An eigenface (/ˈaɪgən-/ EYE-gən--) is the name given to a set of eigenvectors when used in the computer vision problem of human face recognition. The approach of using eigenfaces for recognition was developed by Sirovich and Kirby and used by Matthew Turk and Alex Pentland in face classification. The eigenvectors are derived from the covariance matrix of the probability distribution over the high-dimensional vector space of face images. The eigenfaces themselves form a basis set of all images used to construct the covariance matrix. This produces dimension reduction by allowing the smaller set of basis images to represent the original training images. Classification can be achieved by comparing how faces are represented by the basis set.

== History ==

The eigenface approach began with a search for a low-dimensional representation of face images. Sirovich and Kirby showed that principal component analysis could be used on a collection of face images to form a set of basis features. These basis images, known as eigenpictures, could be linearly combined to reconstruct images in the original training set. If the training set consists of M images, principal component analysis could form a basis set of N images, where N < M. The reconstruction error is reduced by increasing the number of eigenpictures; however, the number needed is always chosen less than M. For example, if you need to generate a number of N eigenfaces for a training set of M face images, you can say that each face image can be made up of "proportions" of all the K "features" or eigenfaces: Face image_{1} = (23% of E_{1}) + (2% of E_{2}) + (51% of E_{3}) + ... + (1% E_{n}).

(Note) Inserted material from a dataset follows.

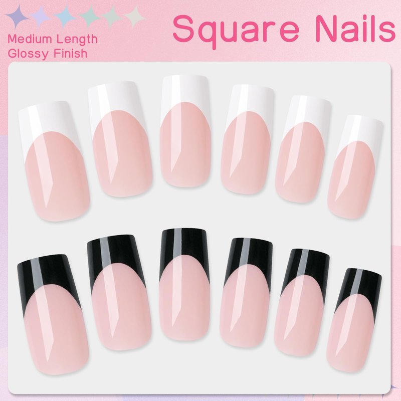 - Convenience:Our french press on nails square simply press-on and go.No need professional assistance and just apply for base coat then cure finish.Medium length square press on nails provide a quick and easy solution for manicure at home. Fake nails avoid the time and cost of salon visits. Square press on nails go on quickly with adhesive tabs and come off easily without residue when ready. No soaking or nail damage is required.Our fake nails fit for any occasions to show off your style!

In 1991 M. Turk and A. Pentland expanded these results and presented the eigenface method of face recognition. In addition to designing a system for automated face recognition using eigenfaces, they showed a way of calculating the eigenvectors of a covariance matrix such that computers of the time could perform eigen-decomposition on a large number of face images. Face images usually occupy a high-dimensional space and conventional principal component analysis was intractable on such data sets. Turk and Pentland's paper demonstrated ways to extract the eigenvectors based on matrices sized by the number of images rather than the number of pixels.

Once established, the eigenface method was expanded to include methods of preprocessing to improve accuracy. Multiple manifold approaches were also used to build sets of eigenfaces for different subjects and different features, such as the eyes.

== Generation ==

A set of eigenfaces can be generated by performing a mathematical process called principal component analysis (PCA) on a large set of images depicting different human faces. Informally, eigenfaces can be considered a set of "standardized face ingredients", derived from statistical analysis of many pictures of faces. Any human face can be considered to be a combination of these standard faces. For example, one's face might be composed of the average face plus 10% from eigenface 1, 55% from eigenface 2, and even −3% from eigenface 3. Remarkably, it does not take many eigenfaces combined together to achieve a fair approximation of most faces. Also, because a person's face is not recorded by a digital photograph, but instead as just a list of values (one value for each eigenface in the database used), much less space is taken for each person's face.

The eigenfaces that are created will appear as light and dark areas that are arranged in a specific pattern. This pattern is how different features of a face are singled out to be evaluated and scored. There will be a pattern to evaluate symmetry, whether there is any style of facial hair, where the hairline is, or an evaluation of the size of the nose or mouth. Other eigenfaces have patterns that are less simple to identify, and the image of the eigenface may look very little like a face.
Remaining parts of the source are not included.